The CountVectorizer provides a simple way to both tokenize a collection of text documents and build a vocabulary of known words, but also to encode new documents using that vocabulary. You can use it as follows:

* Create an instance of the `CountVectorizer` class.
* Call the `fit()` function in order to learn a vocabulary from one or more documents.
* Call the `transform()` function on one or more documents as needed to encode each as a vector.

An encoded vector is returned with a length of the entire vocabulary and an integer count for the number of times each word appeared in the document. Because these vectors will contain a lot of zeros, we call them sparse. Python provides an efficient way of handling sparse vectors in the scipy.sparse package. The vectors returned from a call to transform() will be sparse vectors, and you can transform them back to NumPy arrays to look and better understand what is going on by calling the toarray() function. Below is an example of using the CountVectorizer to tokenize, build a vocabulary, and then encode a document.

In [1]:
from sklearn.feature_extraction.text import CountVectorizer
# list of text documents
corpus = ["The quick brown fox jumped over the lazy dog."]

### Create the transform

In [2]:
vectorizer = CountVectorizer()

### Tokenize and Build Vocabulary

In [3]:
vectorizer.fit(corpus)

Access the vocabulary to see what exactly was tokenized.  Notice that all words were made lowercase by default and that the punctuation was ignored:

In [4]:
vectorizer.vocabulary_

{'the': 7,
 'quick': 6,
 'brown': 0,
 'fox': 2,
 'jumped': 3,
 'over': 5,
 'lazy': 4,
 'dog': 1}

### Encode the document:

In [5]:
vector = vectorizer.transform(corpus)

### Summarize encoded vector

In [6]:
print(vector.shape)
print(vector.toarray())

(1, 8)
[[1 1 1 1 1 1 1 2]]


### Encode other documents

The same vectorizer can be used on documents that contain words not included in the vocabulary.

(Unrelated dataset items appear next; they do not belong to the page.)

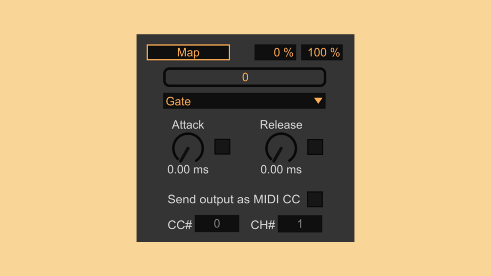 - Map the output to any parameter using the Map button, or enable "Send as MIDI CC" (or both).
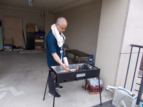 バーベキューコンロで焼き、おやつに召し上がっていただきました。
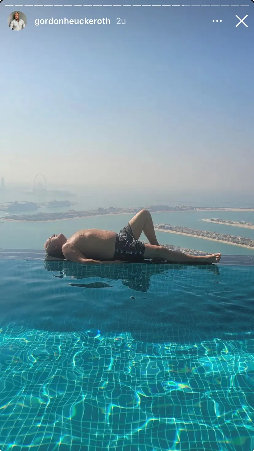Gordon is flink van de zon aan het genieten in Dubai. De artiest deelt maandag een pikant kiekje vanuit het zwembad...
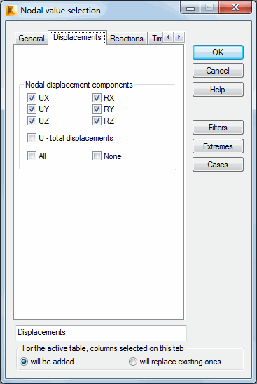 You can select the following nodal displacement components.
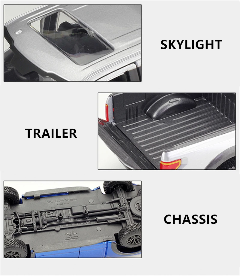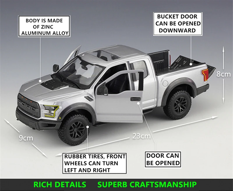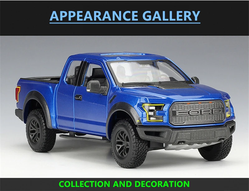 Введение продукта Название: 2017 Ford F-150 Raptor Бренд: Maisto Размер: около 23*8*9 см Масштаб: 1/24 Материал: основной корпус-цинковый сплав, другие-АБС и Резина Наши продукты гарантированно являются аутентичными. Оригинальная Заводская оригинальная коробка. Официальное разрешение Этот продукт является коллекционной игрушкой, за исключением электрической. Шины могут быть перемещены, и рулевое колесо двери может быть перемещено.
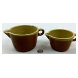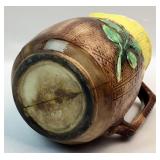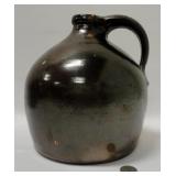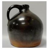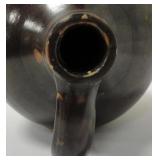 This stoneware jug features a lovely deep brown color and a large handle. It is a beautiful wide round jug. It has a few minor chips and nicks in the handle, sides and brim. See photos. Please ask specific questions on details, condition, and
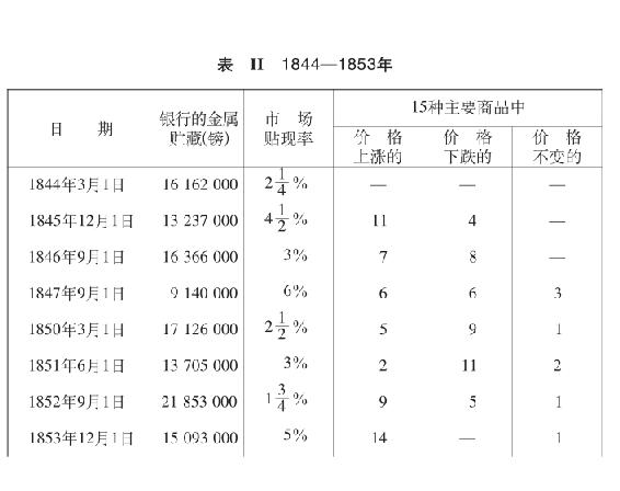 “如同1834—1843年的10年中一样,在1844—1853年,银行存金的变动,每次都伴有在贴现上贷出的货币的借贷价值的增加或减少;而另一方面,国内商品价格的变动则表明,它和英格兰银行存金的变动所显示出来的通货量完全无关。”(《银行法报告》,1857年第2部分第290、291页)
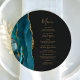 Teal Blue Gold Agate Round Plate Wedding Menu
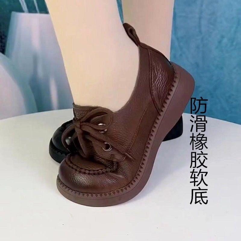 Zapatos de Cuero para Mujer 2025 Nuevos Zapatos para Mujer Suela Suave Superficie Suave Cuero Vacuno Suave Casual Versátil Mocasines de Plataforma
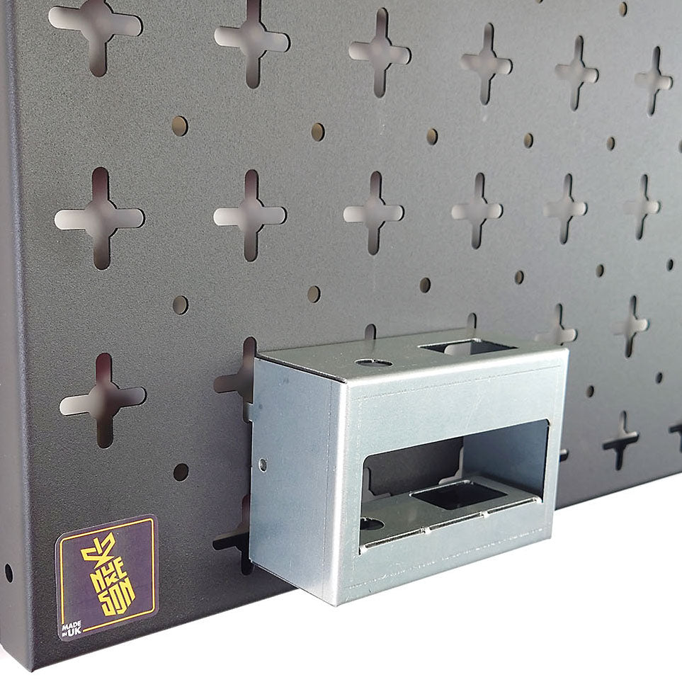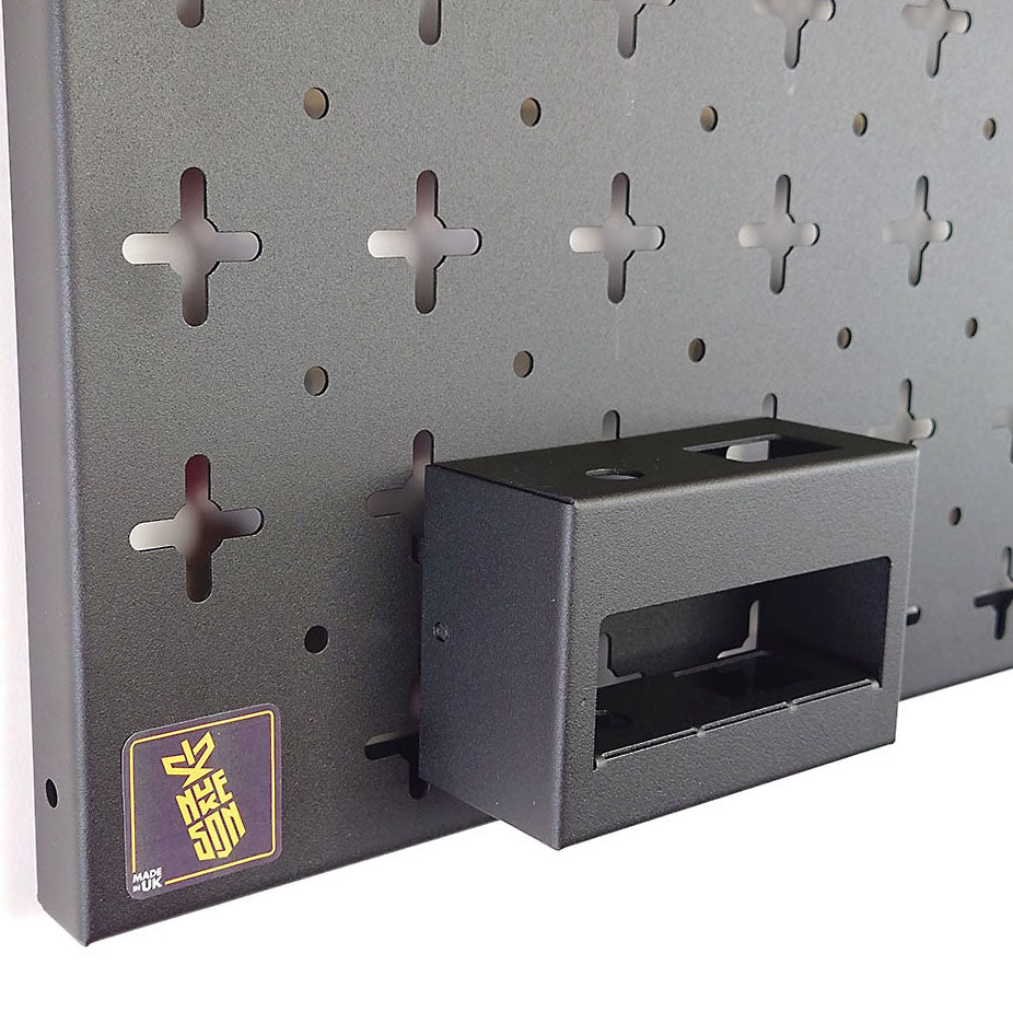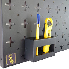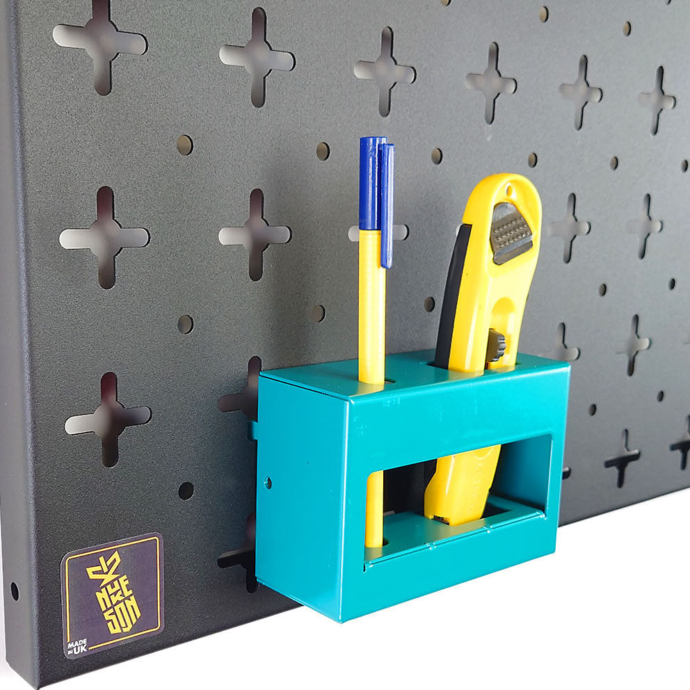 Compatible with our Nukeson Tool Wall Panels, this attachment allows you to store a pen and a box cutter, exactly where you'd need them most. A pen and a box cutter are 2 essentials for anyone working in a warehouse. You'll need to slice the tape open, and then probably write on the box to say exactly what's in there. This bracket provides space for a single pen and a single box cutter/penknife. The additional slots below ensure that the pen and knife do not wobble around and the base plate ensures the items do not simply fall through.
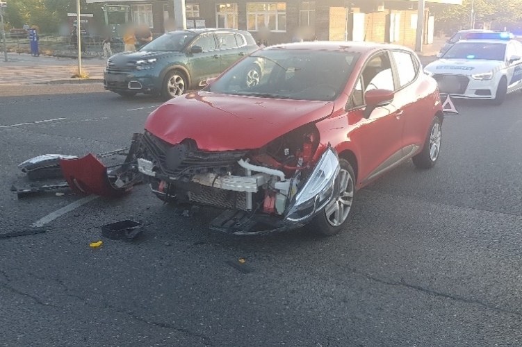A fenti képen az egyik balesetben összetört egyik autó látható. Eddig tisztázatlan körülmények között 2021. szeptember 25-én 17 óra körül két autó ütközött a Budapest, IX. kerületi Soroksári út és Kvassay Jenő út kereszteződésében. Ebben a balesetben nem sérült meg senki.
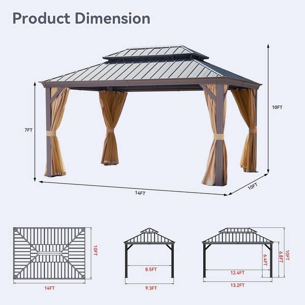 10 ft. x 14 ft. Outdoor Gazebo with Double Galvanized Steel Roof, Ceiling Hook, Yellow Mosquito Netting and Curtains
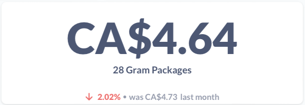 According to the CannStandard data, the average price for a 28g package of cannabis is $132.62 or $4.74 per gram.
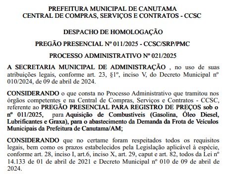 O que chama atenção nesta contratação é que o prefeito não especifica a quantidade de veículos que serão atendidos no contrato, e o período que a empresa deve atender as demandas da Prefeitura de Canutama.
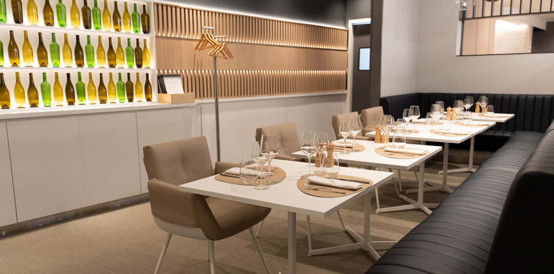 One third of the space is dedicated to the needs of business travellers and offers, among other things, functional communal tables with the option of wireless charging or wireless printing. The remaining part of the space invites relaxation and contains comfortable seating for different group sizes – from single seats for solo travellers to seating for couples or larger groups.
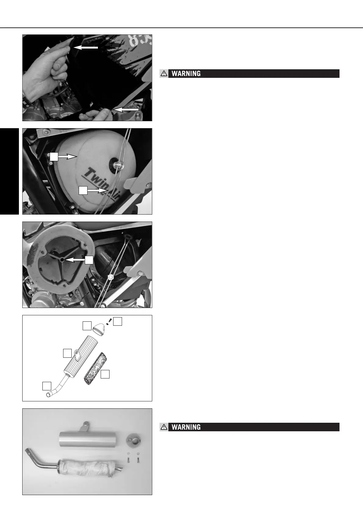 The exhaust system becomes very hot while the motorcycle is running. To avoid
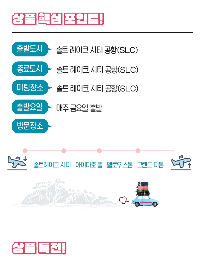 • 📍해당 상품은 솔트레이크 시티 공항에서 집결하여 출발하는 상품으로 일체의 항공료는 포함되어 있지 않습니다.

These words are ignored and no count is given in the resulting vector. For example, below is an example of using the vectorizer above to encode a document with one word in the vocab and one word that is not:

In [9]:
# encode another document
text2 = ["the puppy"]
vector = vectorizer.transform(text2)
print(vector.toarray())

[[0 0 0 0 0 0 0 1]]


## Word Frequencies with TF-IDF

Word counts are a good starting point, but are very basic. One issue with simple counts is that some words like the will appear many times and their large counts will not be very meaningful in the encoded vectors. An alternative is to calculate word frequencies, and by far the most popular method is called TF-IDF. This is an acronym that stands for Term Frequency - Inverse Document Frequency which are the components of the resulting scores assigned to each word.
* **Term Frequency**: This summarizes how often a given word appears within a document.
* **Inverse Document Frequency**: This downscales words that appear a lot across documents.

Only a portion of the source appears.